[Stored data entries]
========================================================================

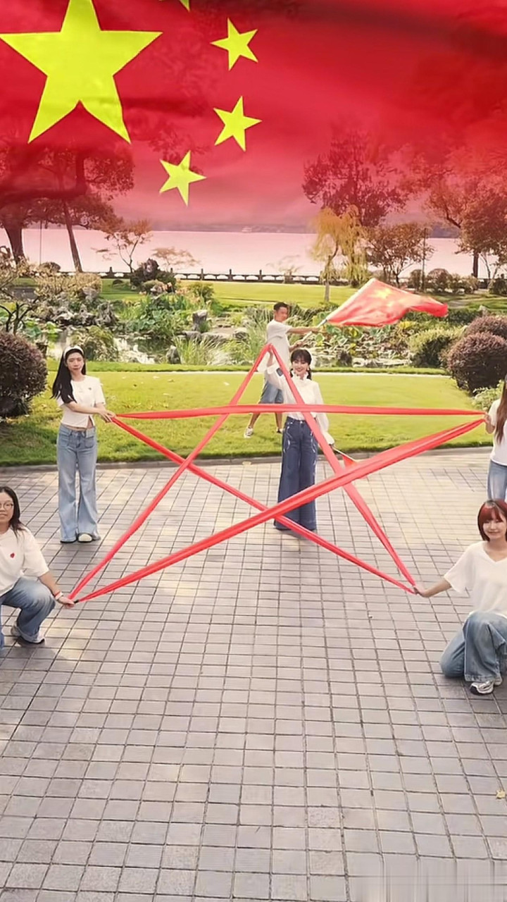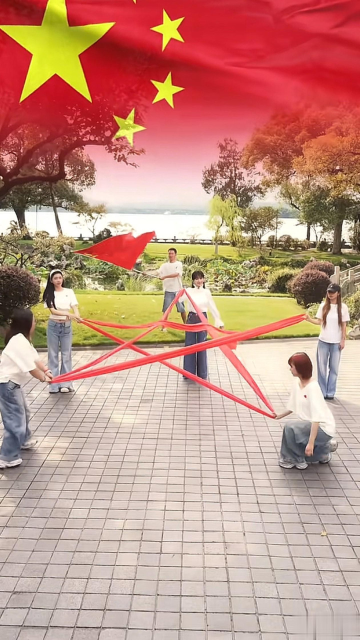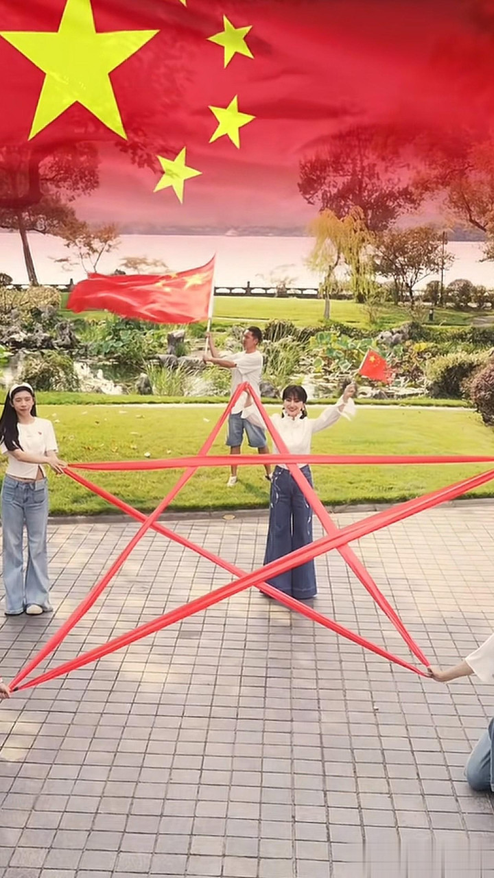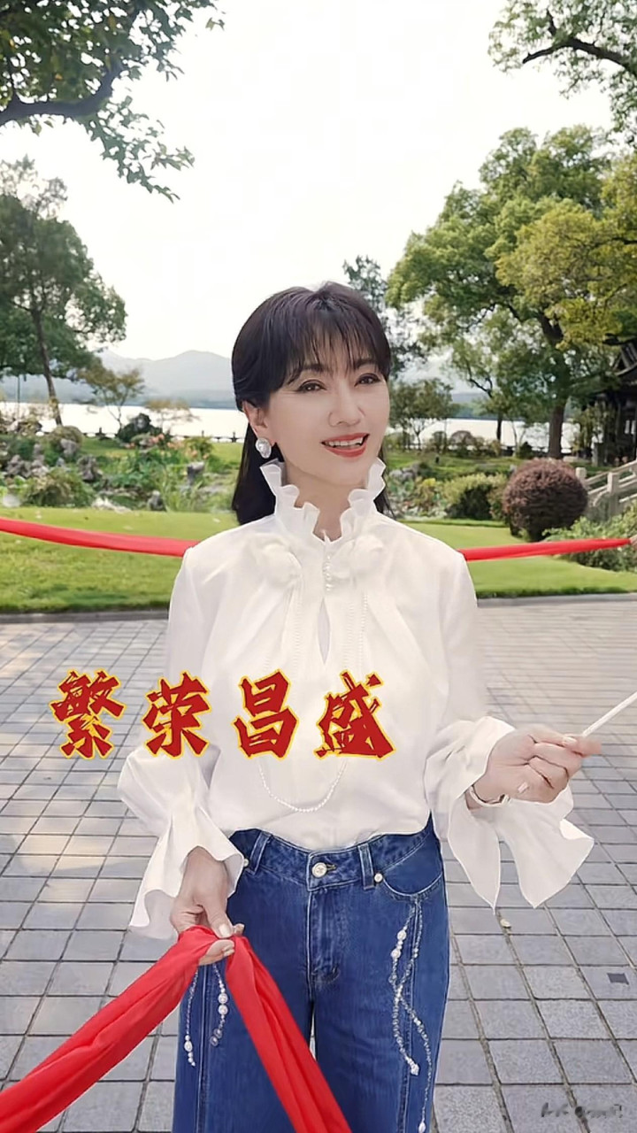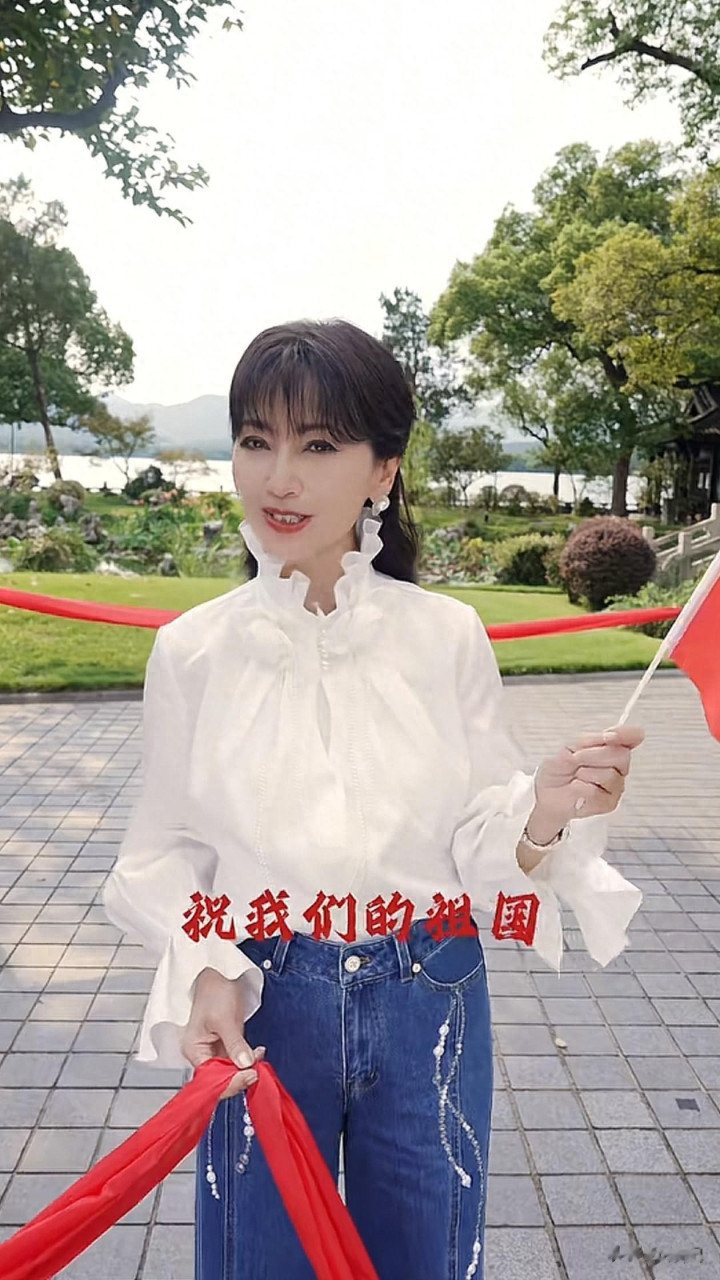 71岁赵雅芝国庆穿搭: 白衬衫+牛仔裤, 减龄高级, 手拿国旗像41岁
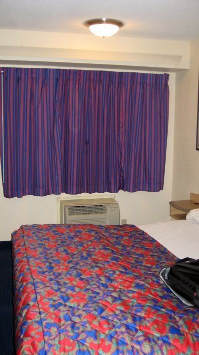 We are here at the Red Roof Inn of Wilkes-Barre, PA...which was recently remodeled and looks rather clean (though nothing changes the fact that we will be sleeping in a bed that countless others have...with all their sweat and drool and other assorted nastiness). And hey - for $65, I'm not complaining! But check the decor:
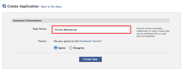 Facebook vous demande alors de nommer votre application. Sachez que ce nom n’a aucune incidence, il ne sera pas marqué sur votre Fan-Page et ne servira qu’à l’administrateur (c’est à dire vous, dans le cas présent), afin qu’il puisse se rappeler de sa fonction lors d’une future visite de facebook.com/developers. Sachez seulement que ce nom ne peut pas comprendre le terme Facebook on ne serait-ce que ressembler à un nom d’application proposée par Facebook.
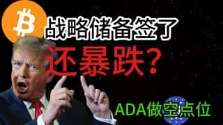 比特币暴跌背后:战略储备协议签署后的市场分析及ADA做空策略
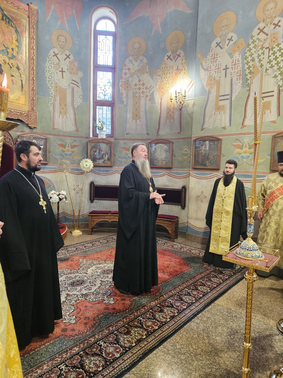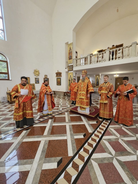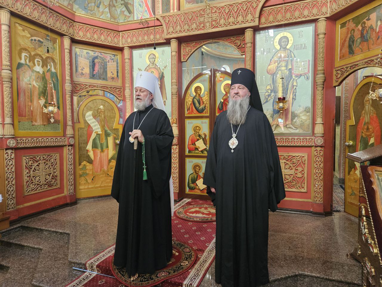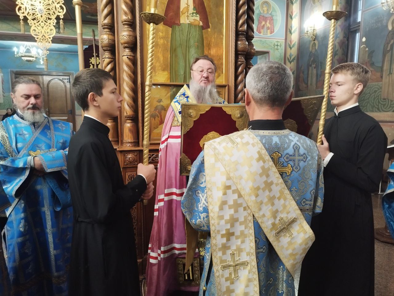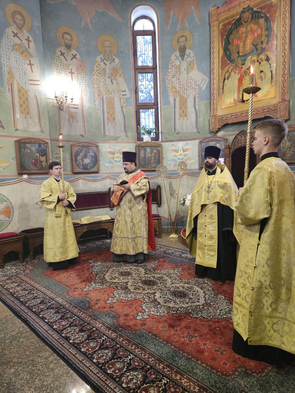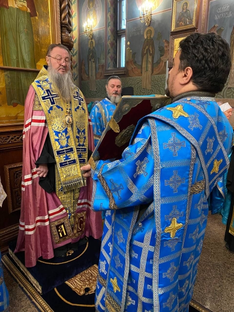 Высокопреосвященнейшему Владыке сослужили соборный причт, а также клирик храма Покрова Пресвятой Богородицы протоиерей Николай Чепель, настоятель храма Новомученников и исповедников Российских протоиерей Георгий Лесник и проходящий богослужебную практику иеродиакон Никанор (Цверкун).
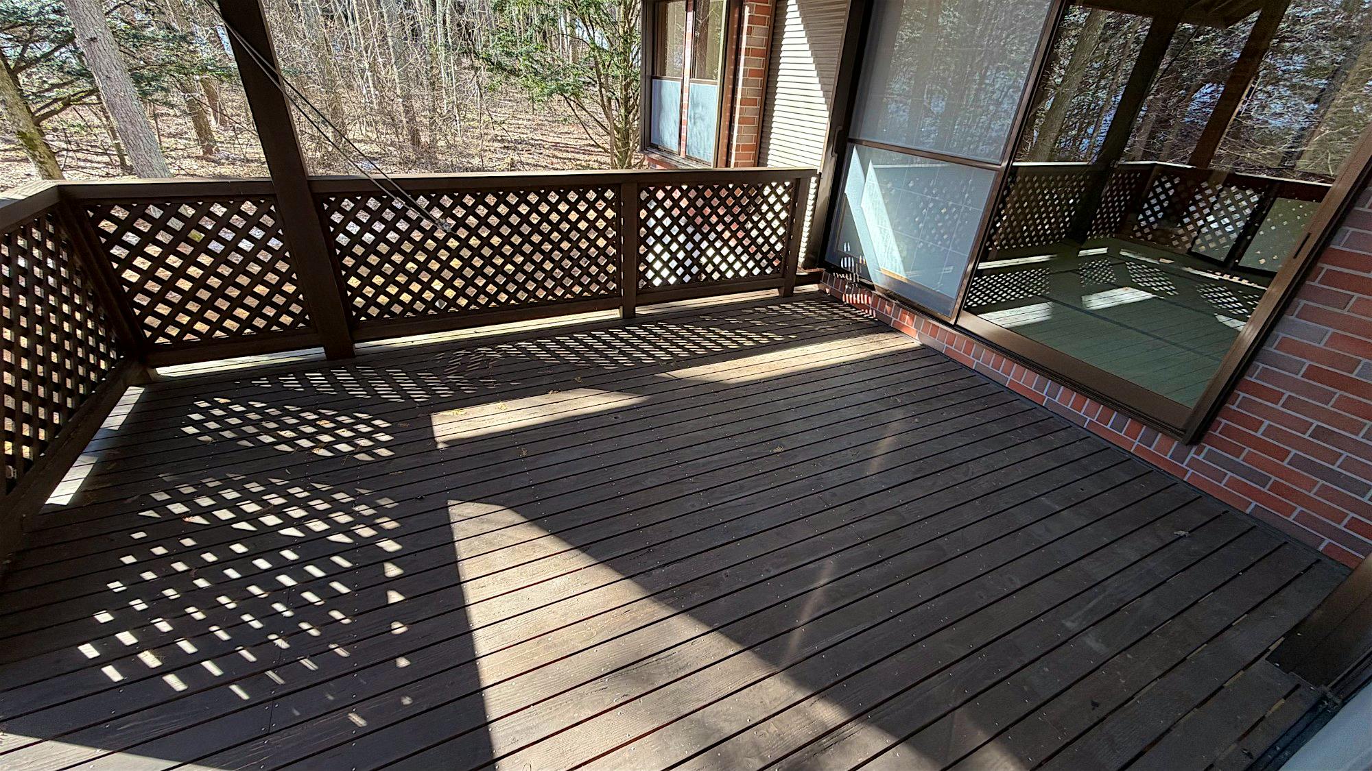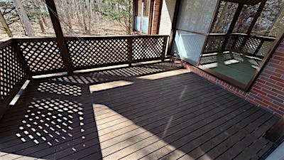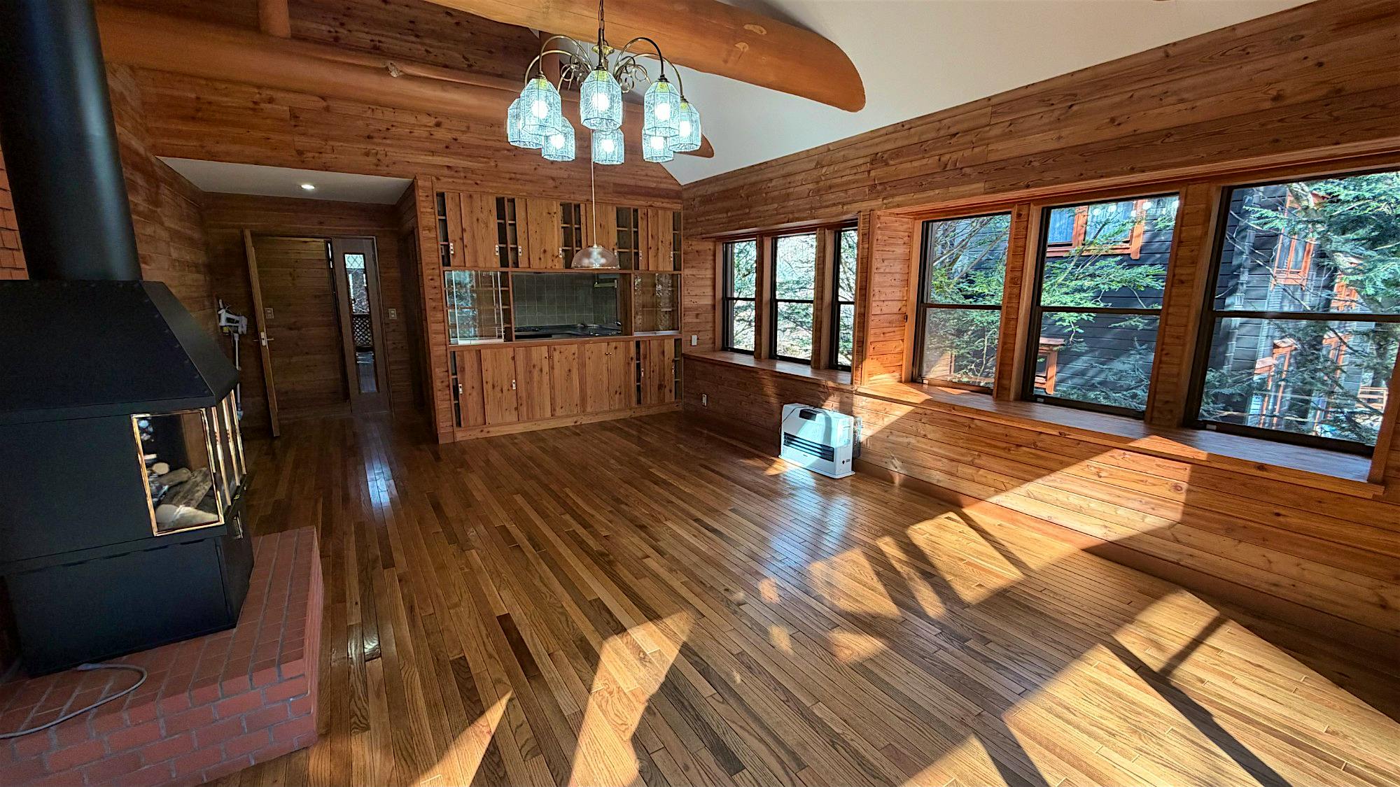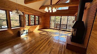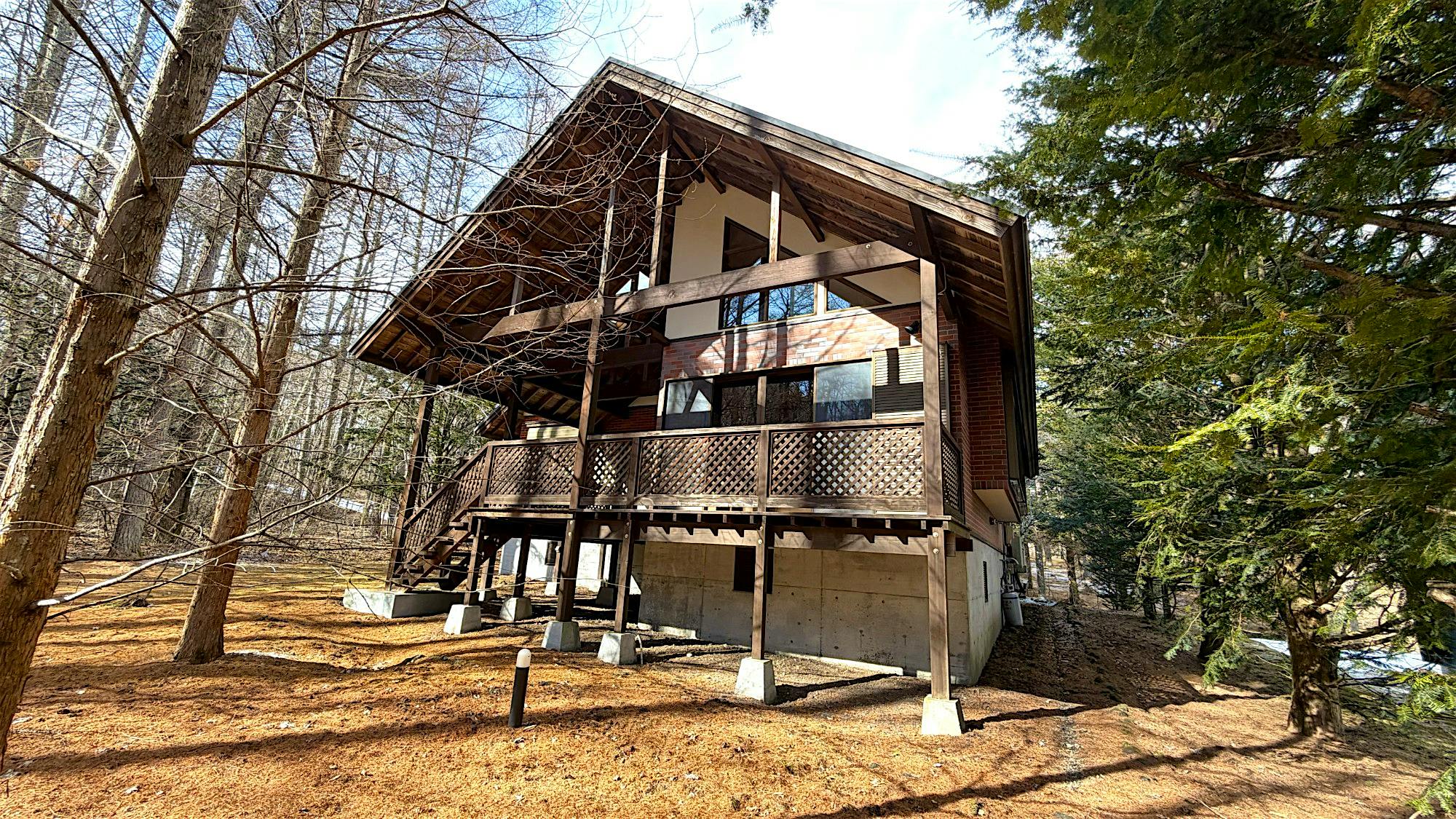 中軽井沢 千ヶ滝西区の新からまつの森エリアに位置する中古戸建。春には桜、秋にはモミジが映える前面道路から四季を感じる別荘地内。 LDKの天井には太い梁が見え、重厚感のある物件。

========================================================================

Task statement :: Quote the entries above word for word. Leave the images out.

Final answer ::
 71岁赵雅芝国庆穿搭: 白衬衫+牛仔裤, 减龄高级, 手拿国旗像41岁
 We are here at the Red Roof Inn of Wilkes-Barre, PA...which was recently remodeled and looks rather clean (though nothing changes the fact that we will be sleeping in a bed that countless others have...with all their sweat and drool and other assorted nastiness). And hey - for $65, I'm not complaining! But check the decor:
 Facebook vous demande alors de nommer votre application. Sachez que ce nom n’a aucune incidence, il ne sera pas marqué sur votre Fan-Page et ne servira qu’à l’administrateur (c’est à dire vous, dans le cas présent), afin qu’il puisse se rappeler de sa fonction lors d’une future visite de facebook.com/developers. Sachez seulement que ce nom ne peut pas comprendre le terme Facebook on ne serait-ce que ressembler à un nom d’application proposée par Facebook.
 比特币暴跌背后:战略储备协议签署后的市场分析及ADA做空策略
 Высокопреосвященнейшему Владыке сослужили соборный причт, а также клирик храма Покрова Пресвятой Богородицы протоиерей Николай Чепель, настоятель храма Новомученников и исповедников Российских протоиерей Георгий Лесник и проходящий богослужебную практику иеродиакон Никанор (Цверкун).
 中軽井沢 千ヶ滝西区の新からまつの森エリアに位置する中古戸建。春には桜、秋にはモミジが映える前面道路から四季を感じる別荘地内。 LDKの天井には太い梁が見え、重厚感のある物件。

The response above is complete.